*** Opening SUPPLIED RECORDS ***

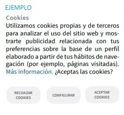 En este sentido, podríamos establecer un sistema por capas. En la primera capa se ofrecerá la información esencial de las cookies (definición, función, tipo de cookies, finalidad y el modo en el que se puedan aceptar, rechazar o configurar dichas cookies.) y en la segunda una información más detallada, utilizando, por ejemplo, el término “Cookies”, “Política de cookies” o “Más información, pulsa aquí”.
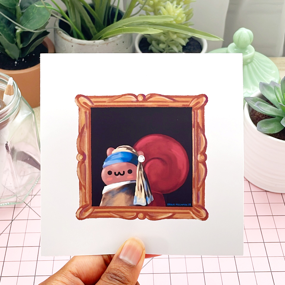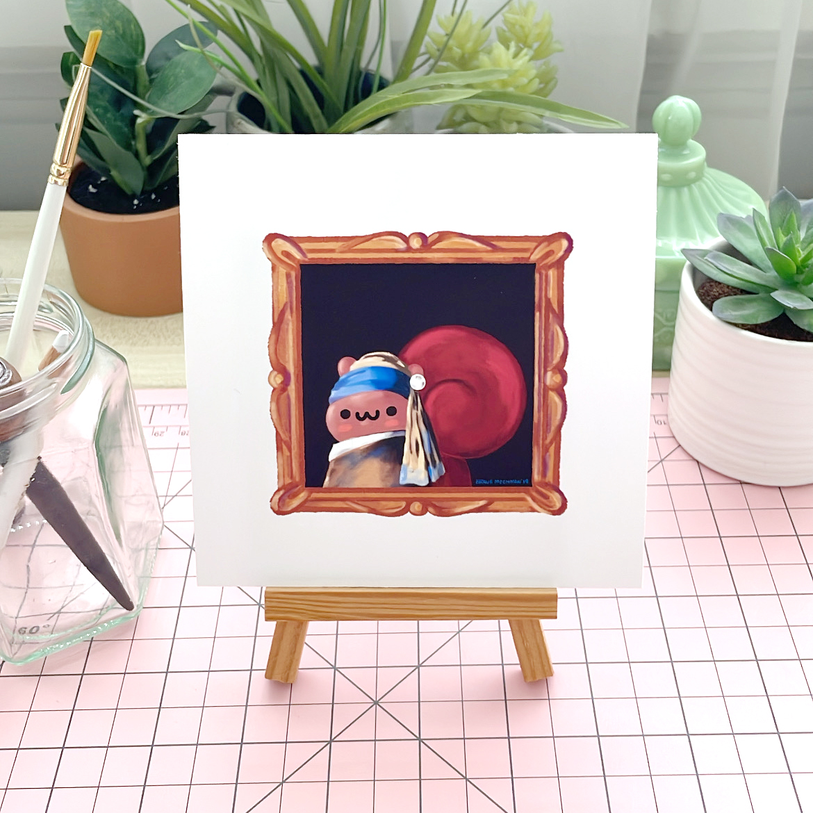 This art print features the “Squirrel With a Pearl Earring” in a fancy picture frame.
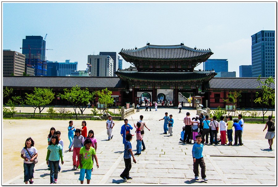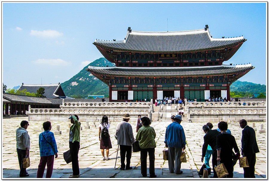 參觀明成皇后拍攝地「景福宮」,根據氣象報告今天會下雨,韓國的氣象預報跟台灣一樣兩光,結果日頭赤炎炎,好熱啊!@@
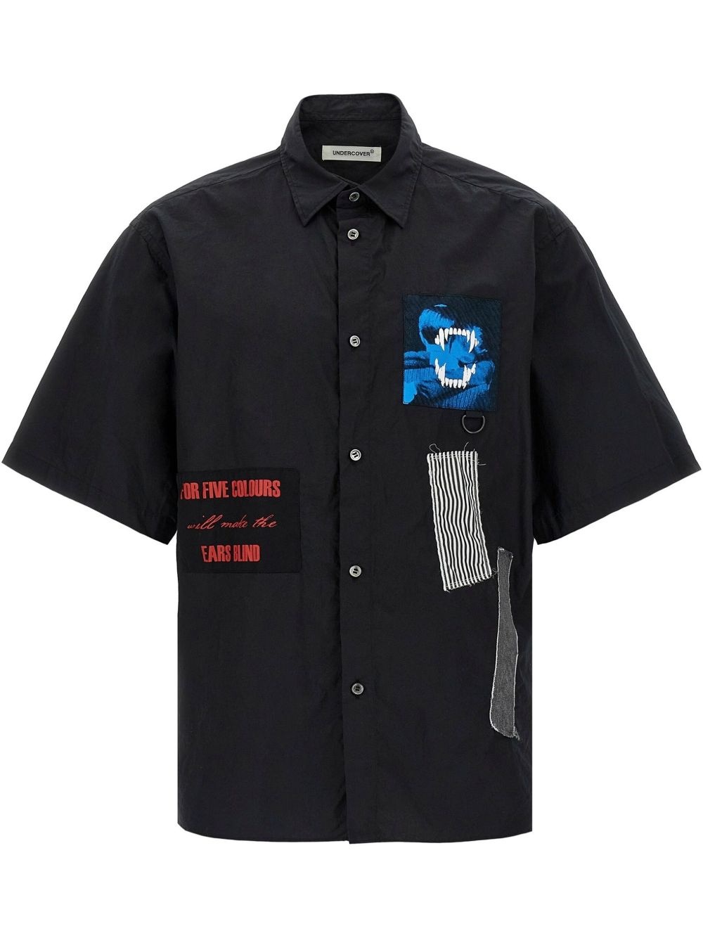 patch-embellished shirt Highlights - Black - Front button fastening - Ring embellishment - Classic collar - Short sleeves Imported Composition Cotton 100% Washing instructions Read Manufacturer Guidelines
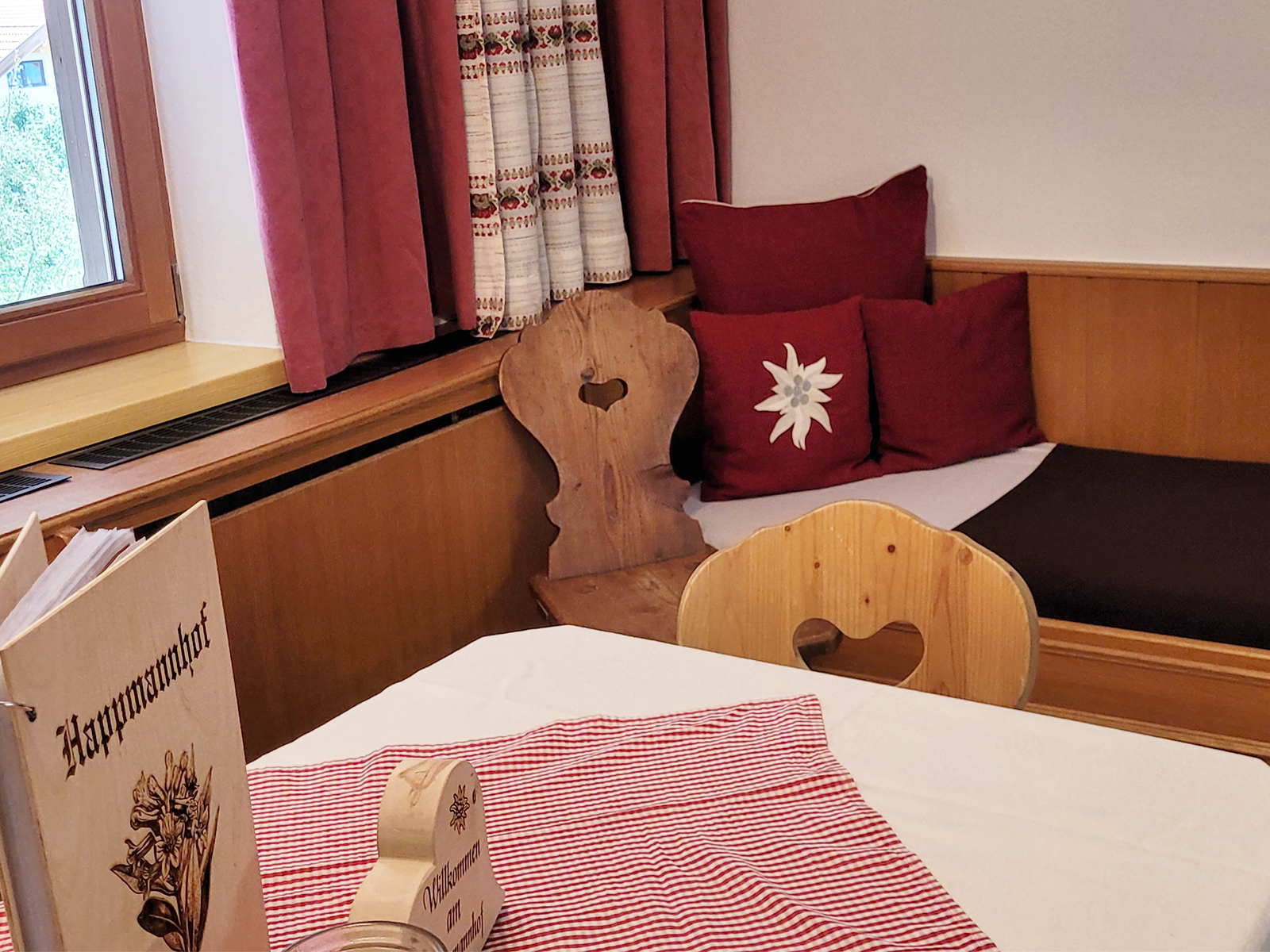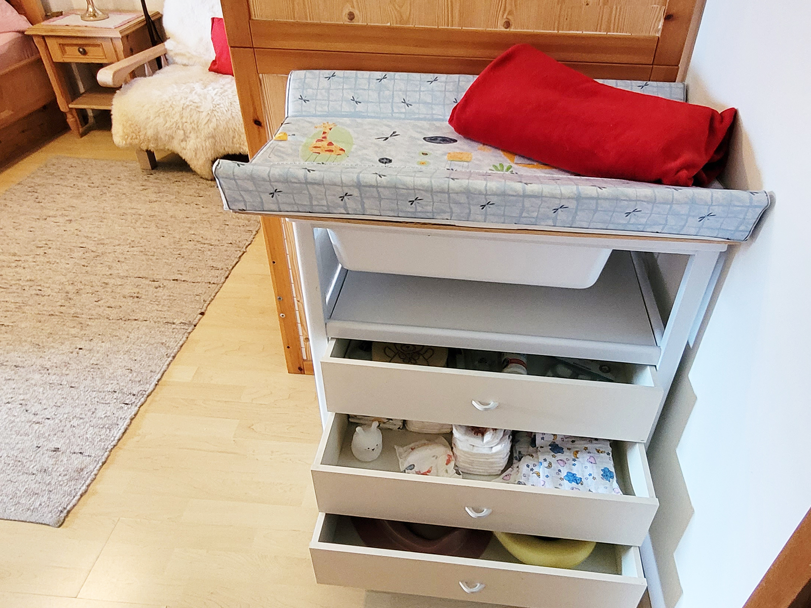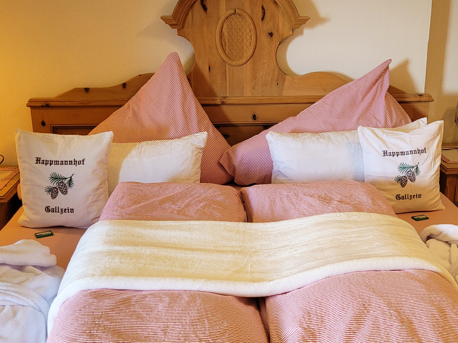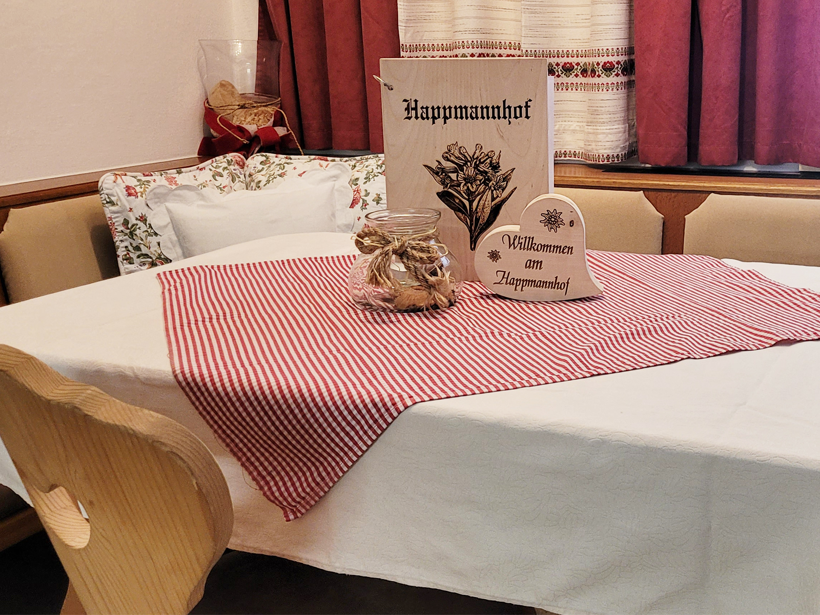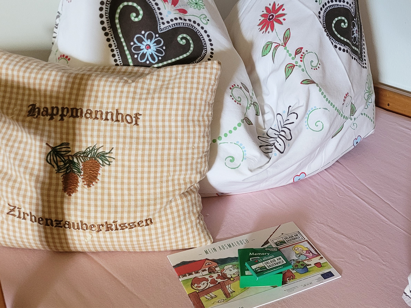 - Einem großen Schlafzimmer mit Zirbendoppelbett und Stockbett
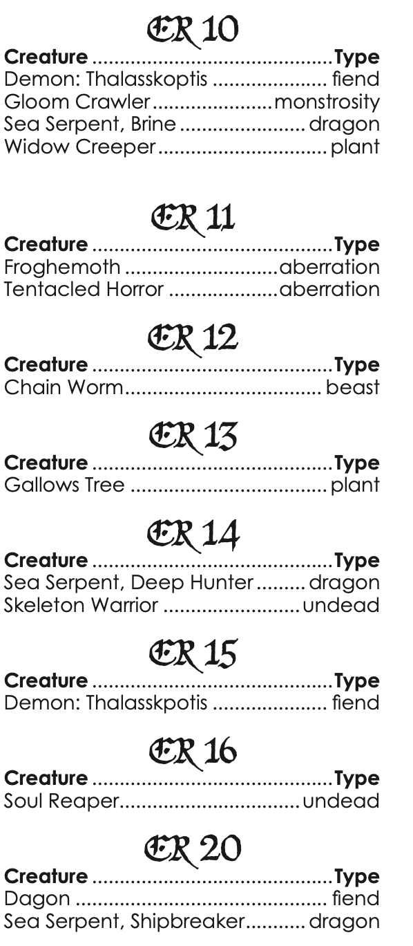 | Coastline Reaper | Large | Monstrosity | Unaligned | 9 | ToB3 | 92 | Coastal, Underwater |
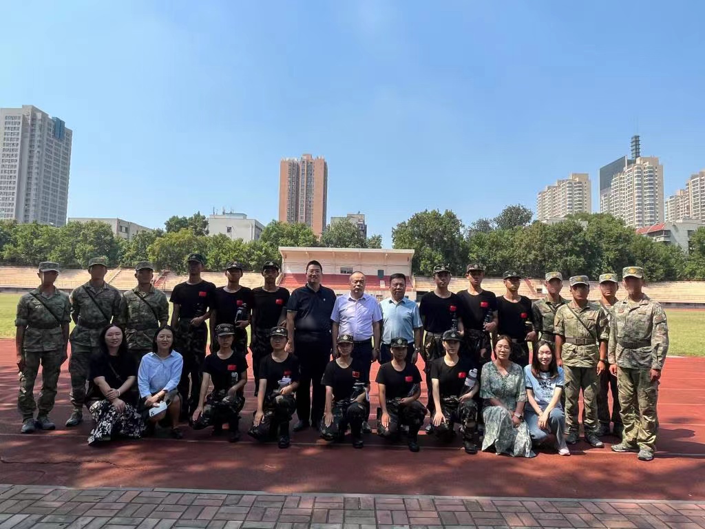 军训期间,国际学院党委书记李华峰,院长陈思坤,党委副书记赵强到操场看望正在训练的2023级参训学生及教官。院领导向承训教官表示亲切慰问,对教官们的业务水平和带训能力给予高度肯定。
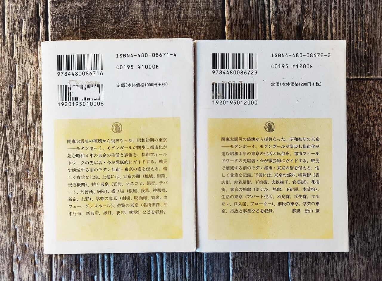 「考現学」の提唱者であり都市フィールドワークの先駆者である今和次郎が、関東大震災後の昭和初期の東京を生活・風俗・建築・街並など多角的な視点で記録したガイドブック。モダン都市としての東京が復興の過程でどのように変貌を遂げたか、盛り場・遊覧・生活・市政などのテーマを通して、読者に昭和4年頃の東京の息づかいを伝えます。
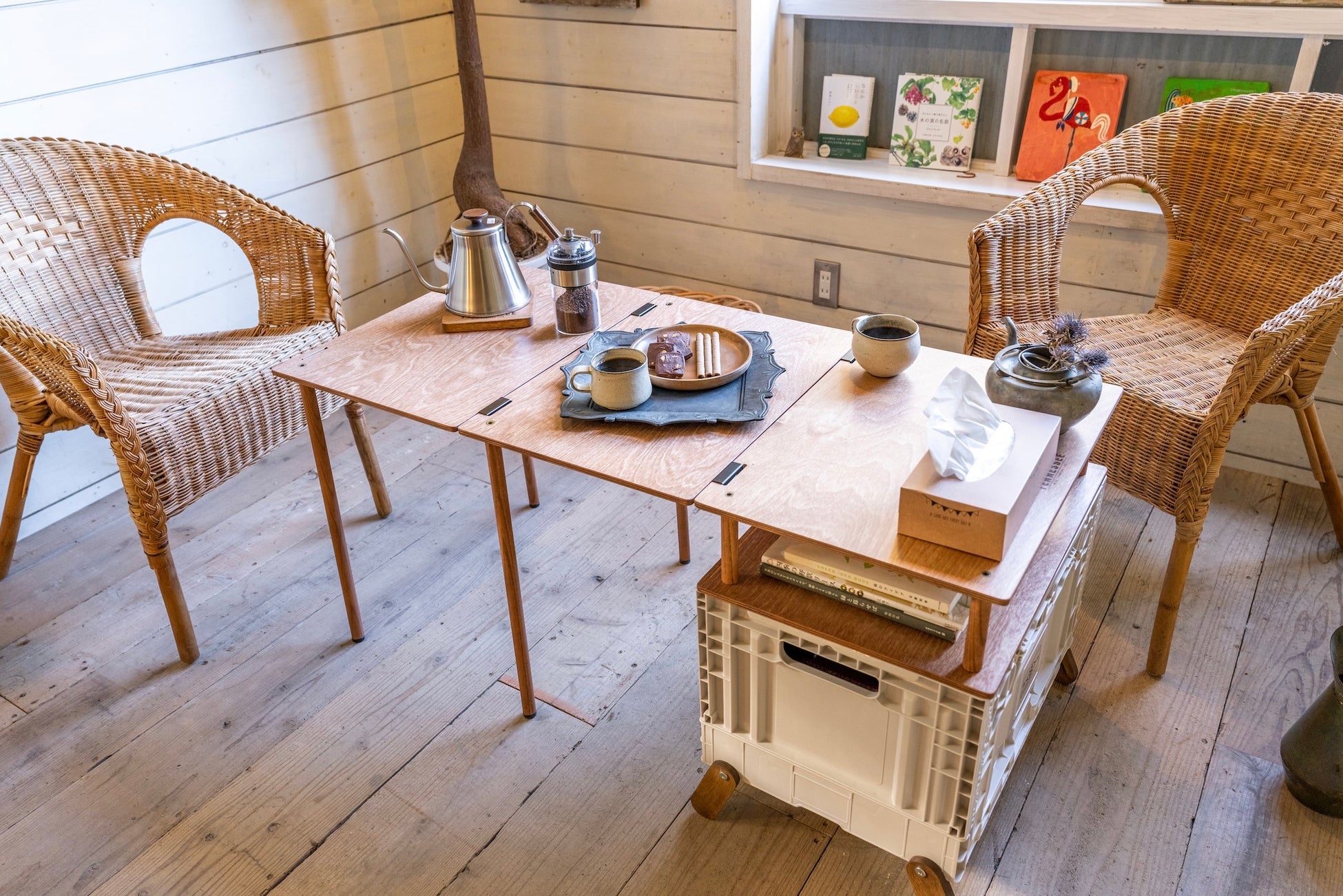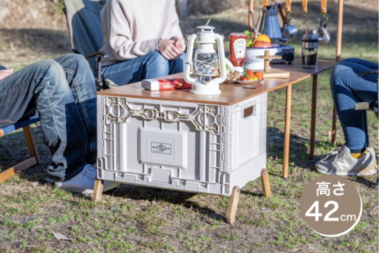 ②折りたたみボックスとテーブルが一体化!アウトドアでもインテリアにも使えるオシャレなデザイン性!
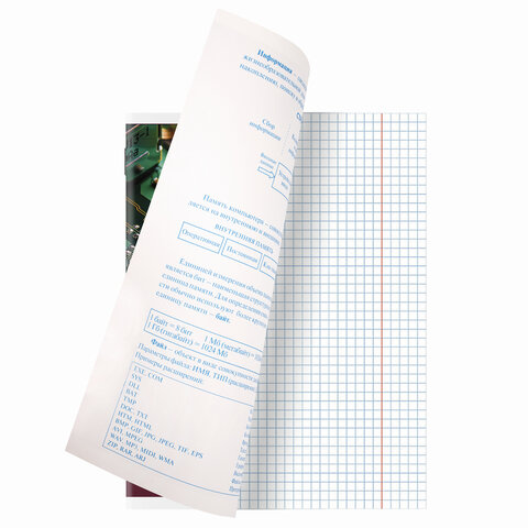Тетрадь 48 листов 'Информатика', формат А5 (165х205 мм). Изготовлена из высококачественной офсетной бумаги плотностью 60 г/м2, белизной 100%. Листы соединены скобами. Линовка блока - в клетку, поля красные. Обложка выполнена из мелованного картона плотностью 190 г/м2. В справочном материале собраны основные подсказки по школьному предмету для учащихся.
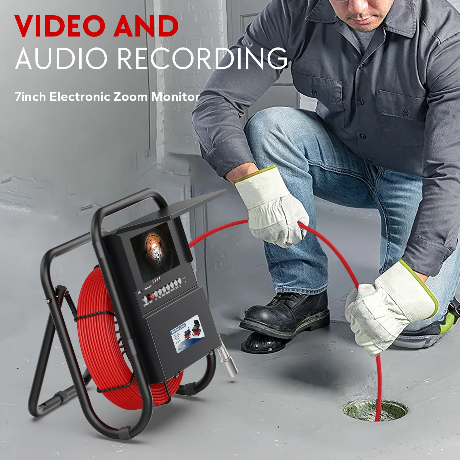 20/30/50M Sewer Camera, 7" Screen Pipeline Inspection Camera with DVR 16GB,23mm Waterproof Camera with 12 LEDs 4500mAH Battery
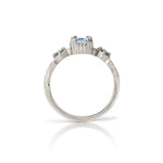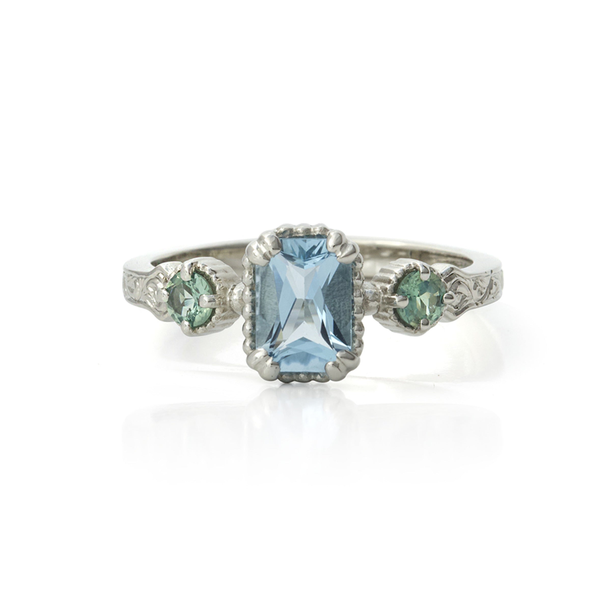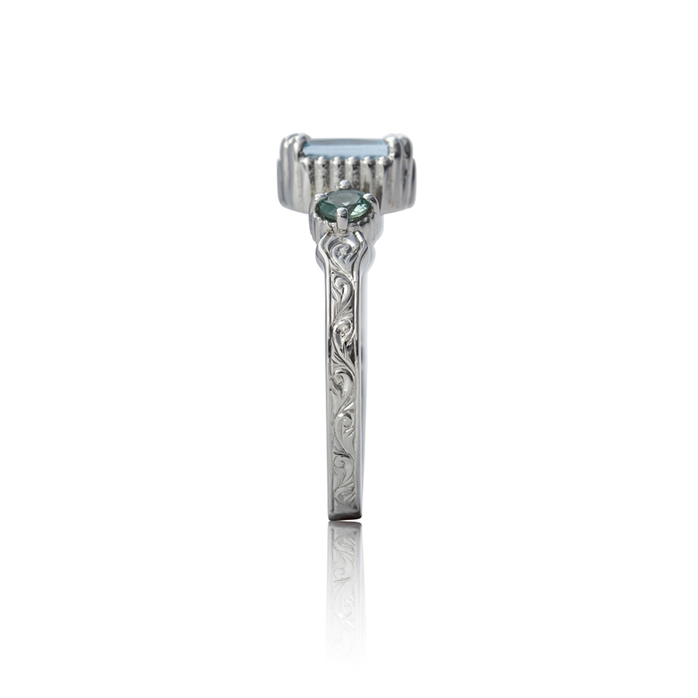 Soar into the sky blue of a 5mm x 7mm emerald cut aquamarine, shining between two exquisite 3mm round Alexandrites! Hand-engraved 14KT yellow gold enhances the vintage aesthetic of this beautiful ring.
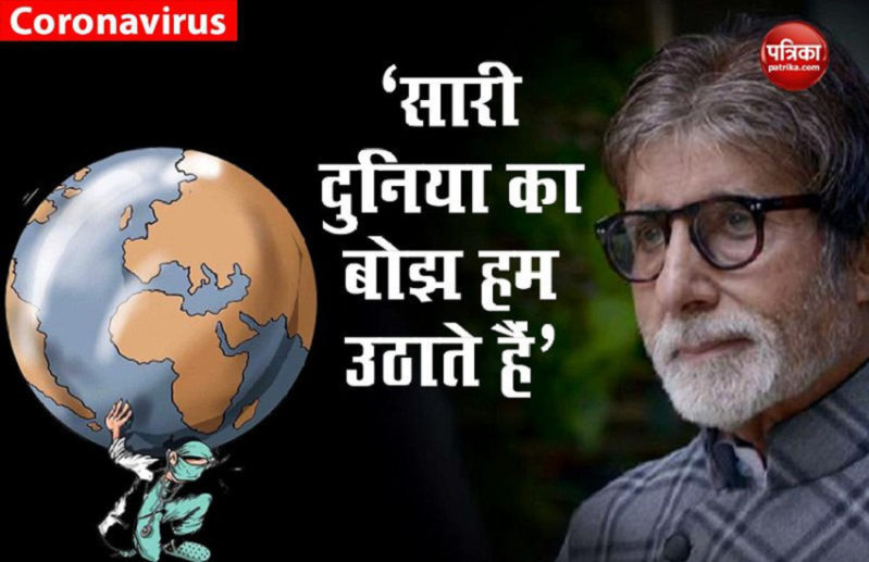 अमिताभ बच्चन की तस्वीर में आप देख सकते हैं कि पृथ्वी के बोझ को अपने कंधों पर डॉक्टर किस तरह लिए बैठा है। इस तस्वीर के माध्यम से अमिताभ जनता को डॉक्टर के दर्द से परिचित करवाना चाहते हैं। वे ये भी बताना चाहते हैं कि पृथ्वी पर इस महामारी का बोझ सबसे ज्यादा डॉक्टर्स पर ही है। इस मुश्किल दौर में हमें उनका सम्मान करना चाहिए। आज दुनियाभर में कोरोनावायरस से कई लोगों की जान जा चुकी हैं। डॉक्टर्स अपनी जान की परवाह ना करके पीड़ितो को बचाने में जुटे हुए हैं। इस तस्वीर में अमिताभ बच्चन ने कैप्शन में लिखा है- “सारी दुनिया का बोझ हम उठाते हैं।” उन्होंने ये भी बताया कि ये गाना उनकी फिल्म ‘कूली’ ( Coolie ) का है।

*** Closing SUPPLIED RECORDS ***

#### YOUR GOAL:
Reproduce the lines above exactly, image-free.

#### WRITTEN REPLY:
 En este sentido, podríamos establecer un sistema por capas. En la primera capa se ofrecerá la información esencial de las cookies (definición, función, tipo de cookies, finalidad y el modo en el que se puedan aceptar, rechazar o configurar dichas cookies.) y en la segunda una información más detallada, utilizando, por ejemplo, el término “Cookies”, “Política de cookies” o “Más información, pulsa aquí”.
 This art print features the “Squirrel With a Pearl Earring” in a fancy picture frame.
 參觀明成皇后拍攝地「景福宮」,根據氣象報告今天會下雨,韓國的氣象預報跟台灣一樣兩光,結果日頭赤炎炎,好熱啊!@@
 patch-embellished shirt Highlights - Black - Front button fastening - Ring embellishment - Classic collar - Short sleeves Imported Composition Cotton 100% Washing instructions Read Manufacturer Guidelines
 - Einem großen Schlafzimmer mit Zirbendoppelbett und Stockbett
 | Coastline Reaper | Large | Monstrosity | Unaligned | 9 | ToB3 | 92 | Coastal, Underwater |
 军训期间,国际学院党委书记李华峰,院长陈思坤,党委副书记赵强到操场看望正在训练的2023级参训学生及教官。院领导向承训教官表示亲切慰问,对教官们的业务水平和带训能力给予高度肯定。
 「考現学」の提唱者であり都市フィールドワークの先駆者である今和次郎が、関東大震災後の昭和初期の東京を生活・風俗・建築・街並など多角的な視点で記録したガイドブック。モダン都市としての東京が復興の過程でどのように変貌を遂げたか、盛り場・遊覧・生活・市政などのテーマを通して、読者に昭和4年頃の東京の息づかいを伝えます。
 ②折りたたみボックスとテーブルが一体化!アウトドアでもインテリアにも使えるオシャレなデザイン性!
Тетрадь 48 листов 'Информатика', формат А5 (165х205 мм). Изготовлена из высококачественной офсетной бумаги плотностью 60 г/м2, белизной 100%. Листы соединены скобами. Линовка блока - в клетку, поля красные. Обложка выполнена из мелованного картона плотностью 190 г/м2. В справочном материале собраны основные подсказки по школьному предмету для учащихся.
 20/30/50M Sewer Camera, 7" Screen Pipeline Inspection Camera with DVR 16GB,23mm Waterproof Camera with 12 LEDs 4500mAH Battery
 Soar into the sky blue of a 5mm x 7mm emerald cut aquamarine, shining between two exquisite 3mm round Alexandrites! Hand-engraved 14KT yellow gold enhances the vintage aesthetic of this beautiful ring.
 अमिताभ बच्चन की तस्वीर में आप देख सकते हैं कि पृथ्वी के बोझ को अपने कंधों पर डॉक्टर किस तरह लिए बैठा है। इस तस्वीर के माध्यम से अमिताभ जनता को डॉक्टर के दर्द से परिचित करवाना चाहते हैं। वे ये भी बताना चाहते हैं कि पृथ्वी पर इस महामारी का बोझ सबसे ज्यादा डॉक्टर्स पर ही है। इस मुश्किल दौर में हमें उनका सम्मान करना चाहिए। आज दुनियाभर में कोरोनावायरस से कई लोगों की जान जा चुकी हैं। डॉक्टर्स अपनी जान की परवाह ना करके पीड़ितो को बचाने में जुटे हुए हैं। इस तस्वीर में अमिताभ बच्चन ने कैप्शन में लिखा है- “सारी दुनिया का बोझ हम उठाते हैं।” उन्होंने ये भी बताया कि ये गाना उनकी फिल्म ‘कूली’ ( Coolie ) का है।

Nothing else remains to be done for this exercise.